(Records excerpted from a collection)
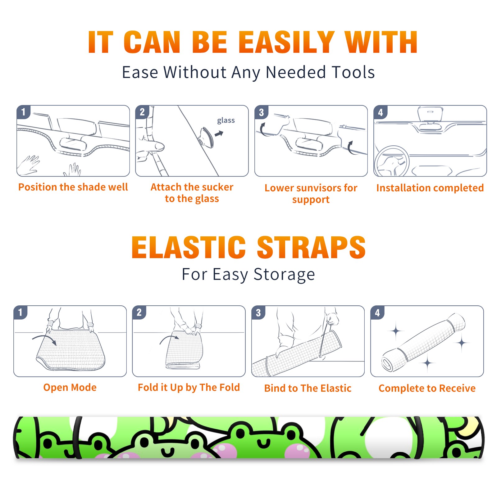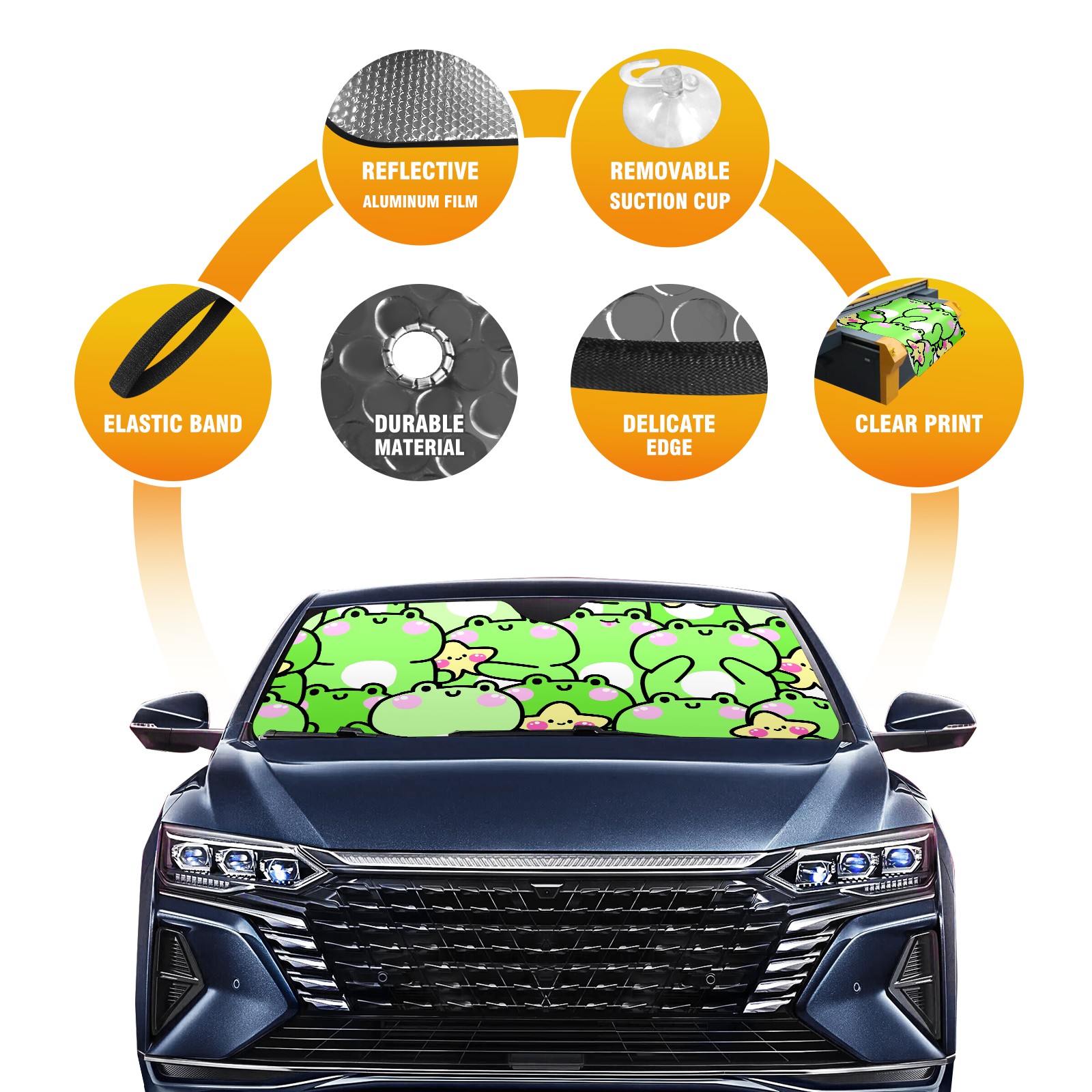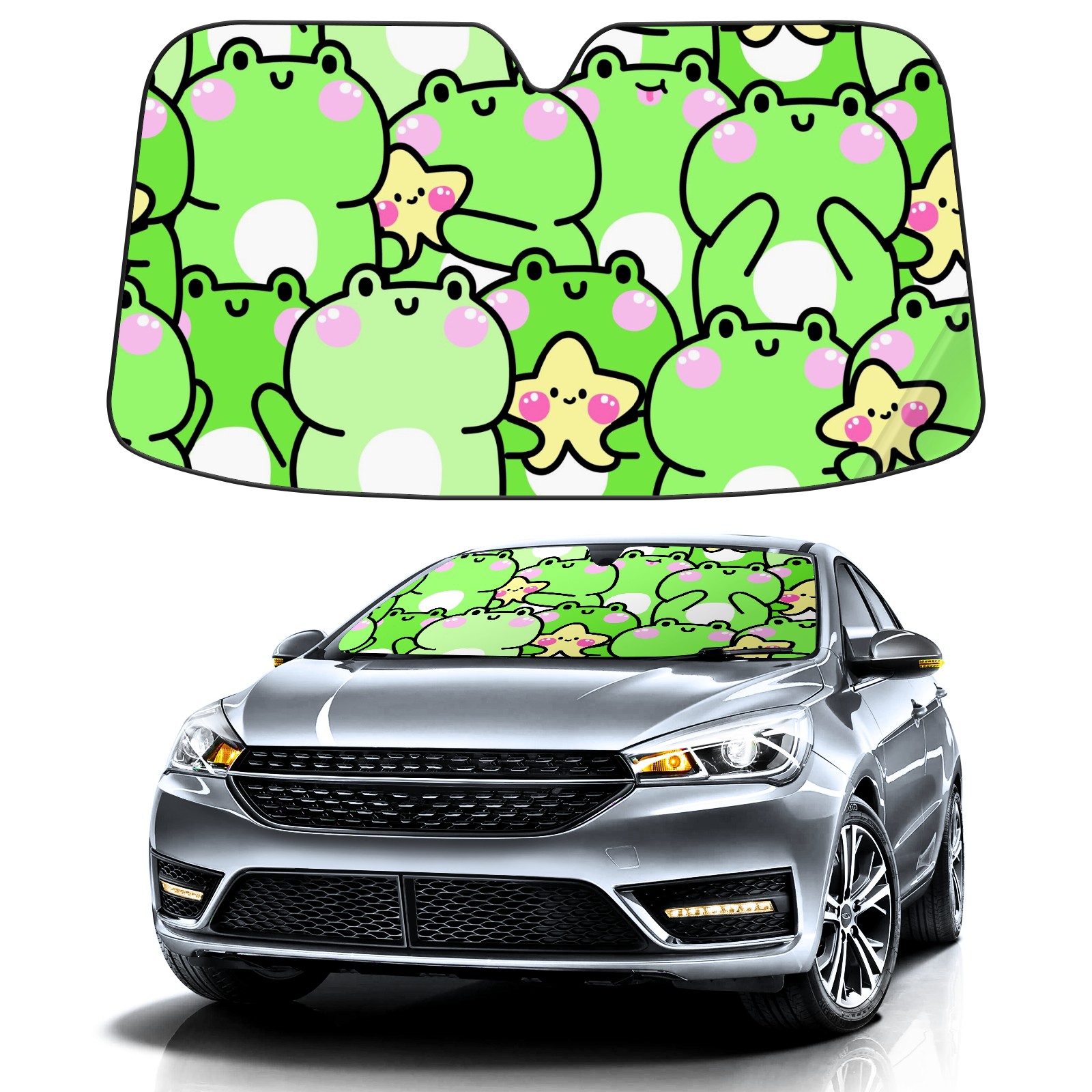 Car Windshield Sun Shade For Front Window Cute Frog Star Foldable Vehicle Windshield Car Sun Visor Covers Automotive Window Protector Car Camping Privacy Sun Blocker
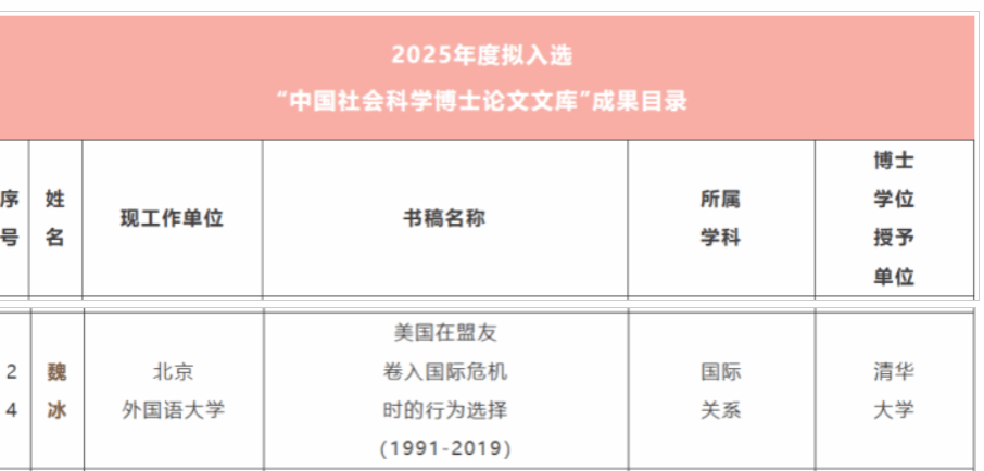 近期,beat365官网青年教师杨双梅、夏方波申报的项目“东南亚政党政治‘家族化’与家族政治‘政党化’的逻辑、影响及中国对策研究”等两项课题喜获国家社科基金青年项目立项。青年教师魏冰的博士论文《美国在盟友卷入国际危机时的行为选择(1991-2019)》成功入选中国社会科学出版社2025年度“中国社会科学博士论文文库”,来自全国高校、研究院所的102部博士论文参评,最终评选出31部拟入选2025年度“中国社会科学博士论文文库”。青年教师贾力楠的《从比较历史政治视角反思民主和平论》和释启鹏副教授的《“众”不敌“寡”:自由主义民主缘何必然衰退》刊载在2025年第4期的《政治学研究》上。这是beat365官网历史上首次两位教师在《政治学研究》同一期发表论文,充分展现出近年来beat365英国官网网站在推进政治学学科发展、助力青年学者成长成才方面取得的重大成绩。《政治学研究》是中国社会科学院政治学研究所主办的学术期刊,入选CSSCI核心期和AMI顶级期刊,复合影响因子8.494,是政治学领域最具权威性的刊物。
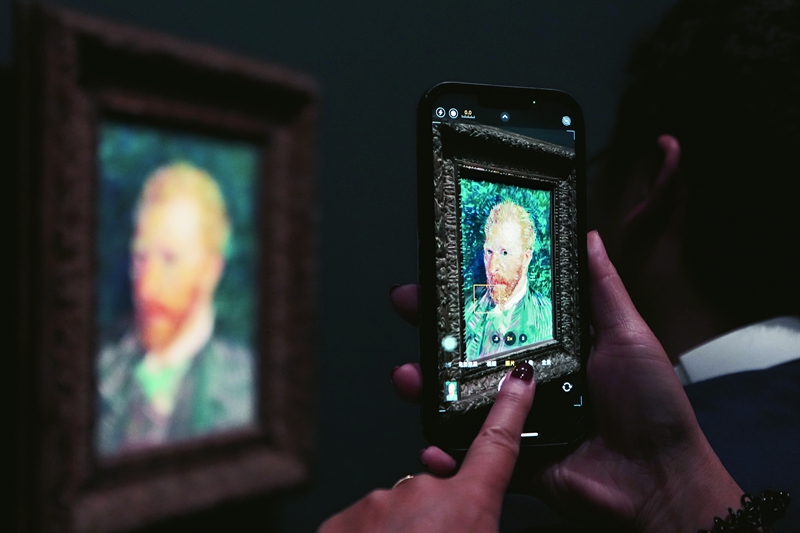 상하이 푸둥 미술관에서 열린 ‘근대를 창조하다: 파리 오르세 미술관에서 온 예술 보물’ 전시를 찾은 관람객이 휴대전화로 고흐의 <자화상>을 촬영하고 있다. 사진/CNSPHOTO
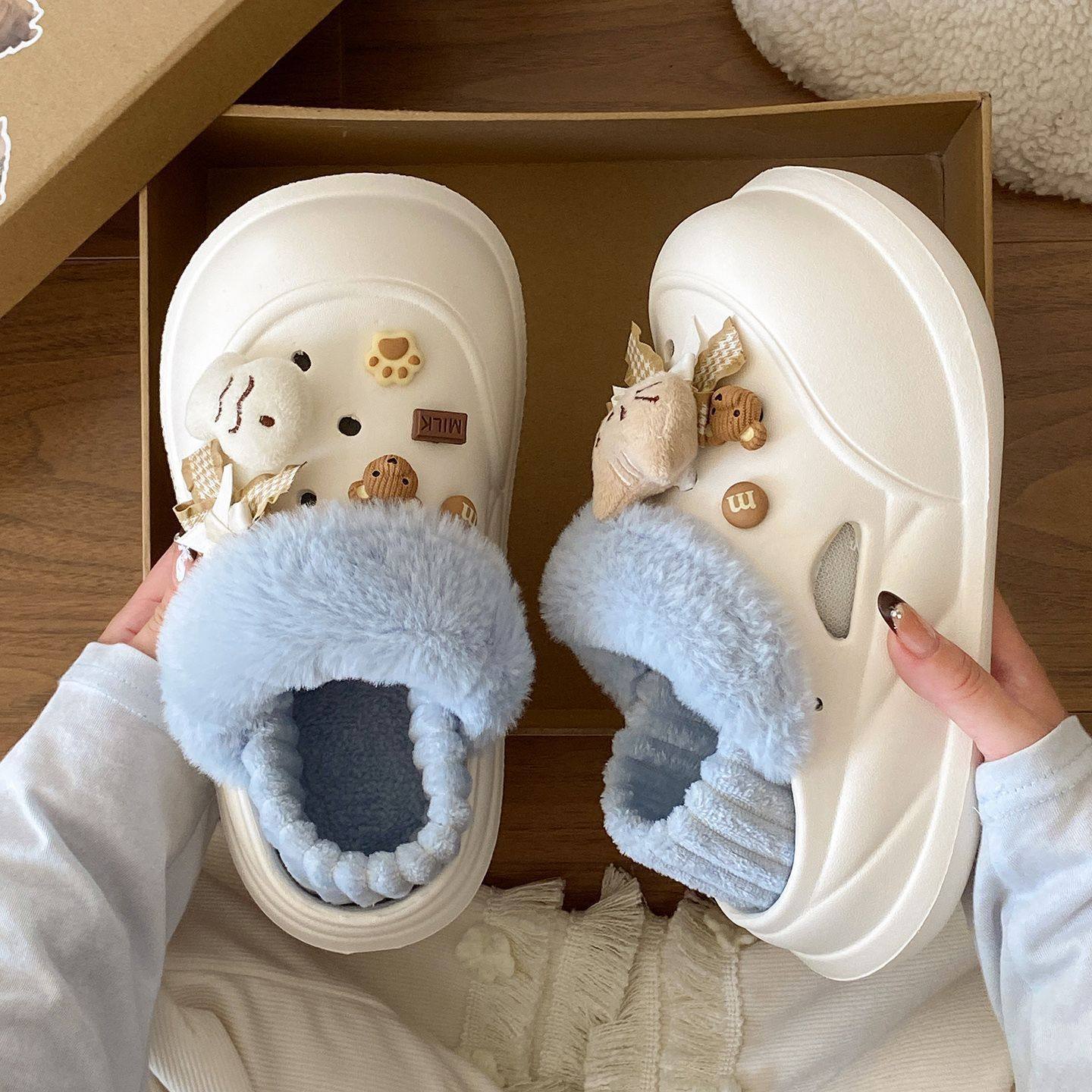 情侣可爱熊棉拖鞋女冬季室内外穿居家防滑加绒厚底毛绒保暖棉拖男
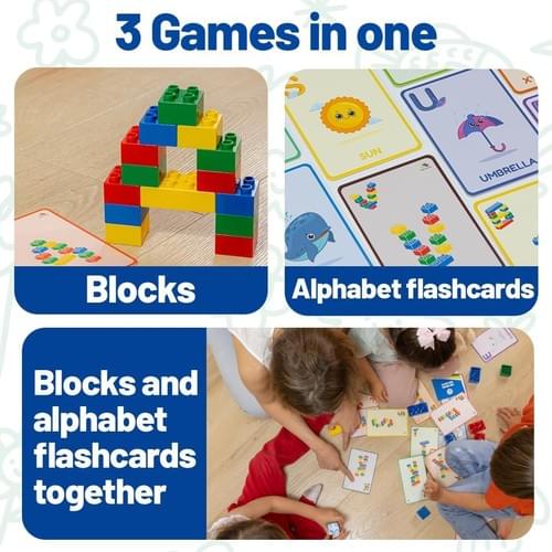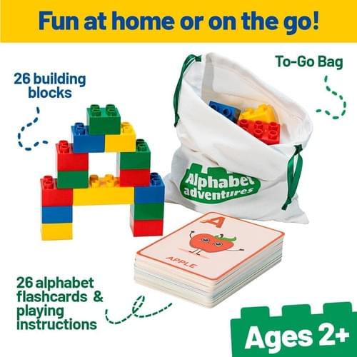 26 building blocks 26 alphabet flash cards &playing instructions To-Go Bag
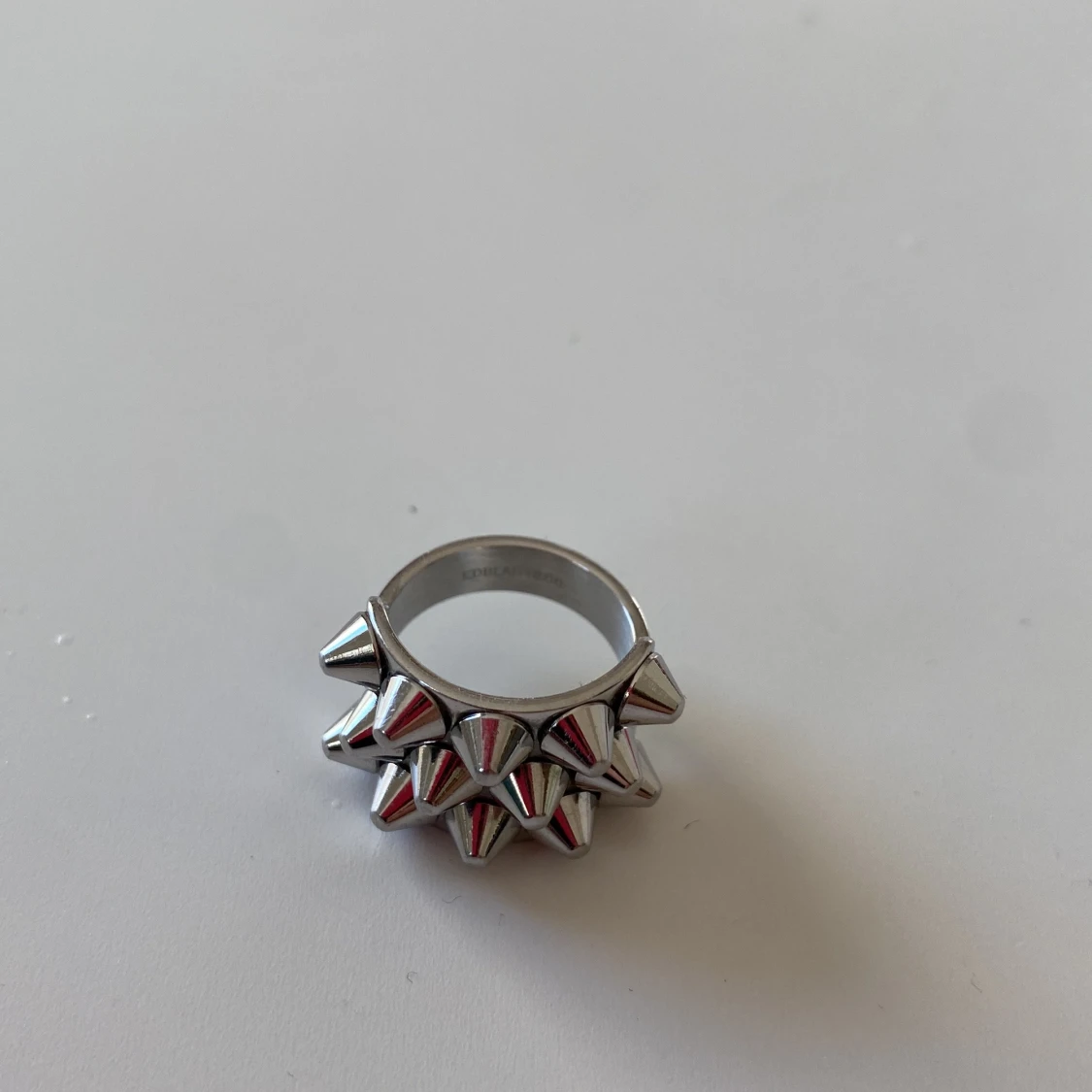 Cool och chunky ring i silverfärgad metall från Edblad, dekorerad med flera konformade nitar runt hela ringen. Perfekt för dig som gillar edgy och statement-accessoarer. Ringen har en bred form och ger en riktigt tuff vibe.

What to produce
Output every line of the records above unchanged, and keep the pictures out.

Solution for this task
 Car Windshield Sun Shade For Front Window Cute Frog Star Foldable Vehicle Windshield Car Sun Visor Covers Automotive Window Protector Car Camping Privacy Sun Blocker
 近期,beat365官网青年教师杨双梅、夏方波申报的项目“东南亚政党政治‘家族化’与家族政治‘政党化’的逻辑、影响及中国对策研究”等两项课题喜获国家社科基金青年项目立项。青年教师魏冰的博士论文《美国在盟友卷入国际危机时的行为选择(1991-2019)》成功入选中国社会科学出版社2025年度“中国社会科学博士论文文库”,来自全国高校、研究院所的102部博士论文参评,最终评选出31部拟入选2025年度“中国社会科学博士论文文库”。青年教师贾力楠的《从比较历史政治视角反思民主和平论》和释启鹏副教授的《“众”不敌“寡”:自由主义民主缘何必然衰退》刊载在2025年第4期的《政治学研究》上。这是beat365官网历史上首次两位教师在《政治学研究》同一期发表论文,充分展现出近年来beat365英国官网网站在推进政治学学科发展、助力青年学者成长成才方面取得的重大成绩。《政治学研究》是中国社会科学院政治学研究所主办的学术期刊,入选CSSCI核心期和AMI顶级期刊,复合影响因子8.494,是政治学领域最具权威性的刊物。
 상하이 푸둥 미술관에서 열린 ‘근대를 창조하다: 파리 오르세 미술관에서 온 예술 보물’ 전시를 찾은 관람객이 휴대전화로 고흐의 <자화상>을 촬영하고 있다. 사진/CNSPHOTO
 情侣可爱熊棉拖鞋女冬季室内外穿居家防滑加绒厚底毛绒保暖棉拖男
 26 building blocks 26 alphabet flash cards &playing instructions To-Go Bag
 Cool och chunky ring i silverfärgad metall från Edblad, dekorerad med flera konformade nitar runt hela ringen. Perfekt för dig som gillar edgy och statement-accessoarer. Ringen har en bred form och ger en riktigt tuff vibe.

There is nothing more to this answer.